Classroom barrack at an elementary school in the Barelas neighborhood of Albuquerque (Photo by Marisa Demarco / Source NM)
State officials want people to give their opinions on the action plan to reform New Mexico’s education system.
The plan comes in response to the Yazzie-Martinez lawsuit that unveiled a history of failures by the state in providing adequate education for a majority of public school students. The case resulted in the court ordering New Mexico to fix the system.
The work ahead? A substantial overhaul after “decades of neglect and underfunding” that affected young people with disabilities, those learning English, Native Americans, and students from families with low incomes, the action report summarizes.
The Yazzie-Martinez judgment identified at-risk students as 70% of the total K-12 population in the state.
The state’s 55-page followup four years after the ruling also outlines several efforts by the state to adhere to the court order.
One, the state says it is working on a plan with tribal leaders to build out a curriculum model that uses traditional languages and cultural preservation, with a long term plan to create community-based Native American language programs.
The hope is that this model will boost reading and math proficiency rates for Native American students by 50% by the end of the 2025-26 school year, according to the PED. In 2019, proficiency rates for this group of students was 25% in reading and 12% in math.
Money is a key example of support for this need. New Mexico has increased its payments to the Indian Education Fund, aid that goes directly to tribal education departments, from $1.8 million 2019 to $15 million in 2023. The bulk of this funding is going toward growing tribal library systems to offer greater resources, such as broadband internet.

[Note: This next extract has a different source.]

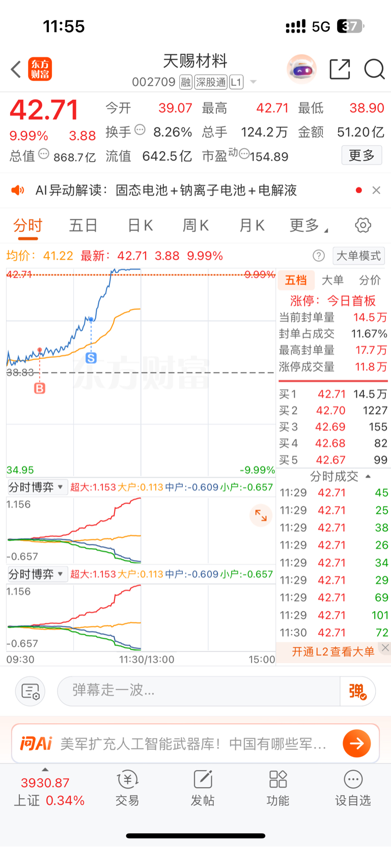 $天赐材料(SZ002709)$ 格局小了,就t了三个点,刚回本

In total, New Mexico has 89 school districts. The Yazzie-Martinez judgment highlights 23 that have the highest rate of at-risk students.
School districts in Gallup, Cuba, Albuquerque and Las Cruces are part of these focus districts, and many struggled with internet access for students before and during pandemic-era remote learning.
Comment on the education action plan
Send your written input to [email protected]
Deadline Friday, June 17 at 5 p.m.
Include the following in your response:
- Your name (title optional)
- Designate whether you’re representing yourself or an organization
- Phone Number (include area code)
- Email address
Access on the Navajo Nation is expected to increase after the tribal government leveraged $70 million in matching federal funds to construct fiber lines in the Pine HIll and Ramah areas, according to NMPED.
The state said it will also expand the pilot project to reach students in the most remote areas via telecast transmitters out of the local PBS station that sends their homework to their televisions.
Education officials want every student to have access to a digital device by the end of the 2023-2024 school year. They also estimate that every student will have access to reliable high-speed internet by the 2025-2026 school year.
Teacher vacancies have doubled since last year, according to the NMSU Southwest Outreach Academic Research Evaluation and Policy Center. In 2021 the state reported 1,048 vacancies — up from the 571 openings in 2020.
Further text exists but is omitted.